Reading Zake: Week 6
This semester, I’ve been a frequent commuter for work, and have often felt myself at a loss for focus, struggling to let go of frenzied thoughts between where I’ve been and where I’m going. Spying Shange’s poem, “What Do You Believe A Poem Shd Do?,” as a part of the MTA’s Arts for Transit collection hit me like a wave of present. It, quite literally, ‘stopped me in my tracks.’ Seeing, reading and experiencing the poem in transit reminded me of the beauty in mundane rituals, like travel and movement. To me, the poem seems to celebrate leaning in to the challenge of letting go of haphazard thoughts and committing to the experience and gestures of the present moment.

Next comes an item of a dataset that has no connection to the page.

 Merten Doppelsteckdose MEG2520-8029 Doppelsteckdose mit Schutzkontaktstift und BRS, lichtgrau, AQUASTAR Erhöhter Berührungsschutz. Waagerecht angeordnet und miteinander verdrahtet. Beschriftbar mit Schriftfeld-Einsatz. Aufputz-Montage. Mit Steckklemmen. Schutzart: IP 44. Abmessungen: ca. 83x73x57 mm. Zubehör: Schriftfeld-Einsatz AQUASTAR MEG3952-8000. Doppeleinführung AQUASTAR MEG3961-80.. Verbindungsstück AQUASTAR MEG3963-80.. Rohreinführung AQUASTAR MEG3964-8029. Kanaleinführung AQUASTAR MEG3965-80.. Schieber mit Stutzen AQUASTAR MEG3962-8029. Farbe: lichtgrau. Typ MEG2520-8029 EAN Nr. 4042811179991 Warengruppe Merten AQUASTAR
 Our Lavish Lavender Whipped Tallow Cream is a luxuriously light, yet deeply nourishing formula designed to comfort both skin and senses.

Re-discovering the poem has made me reflect on how magic in the mundane has the power to “happen to you like cold water or a kiss”—just like a poem. I find Shange’s poems somewhat impossible to separate from rhythm, gesture and movement, and so I love reading this poem on the subway, committing to the words and the motion of transit. And in the midst of travel, I am reminded of Shange’s quote: “it is possible to start a phrase with a word and end with a gesture.”

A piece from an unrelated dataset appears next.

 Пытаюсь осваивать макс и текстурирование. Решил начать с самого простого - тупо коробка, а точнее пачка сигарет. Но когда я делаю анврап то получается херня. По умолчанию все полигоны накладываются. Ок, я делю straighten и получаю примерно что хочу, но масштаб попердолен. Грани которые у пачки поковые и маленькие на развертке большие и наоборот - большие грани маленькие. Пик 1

We’ve talked a lot about how Shange’s choreopoems resonate beyond pages of text and demand a degree of physical engagement. Seeing “What Do You Believe A Poem Shd Do?” on the subway makes me wish that poetry be incorporated into other mundane rituals inherently in motion. A few questions I’ve been thinking about: How can poetry inform our everyday movements? How does poetry have the power to inspire and shape the way we experience our rituals?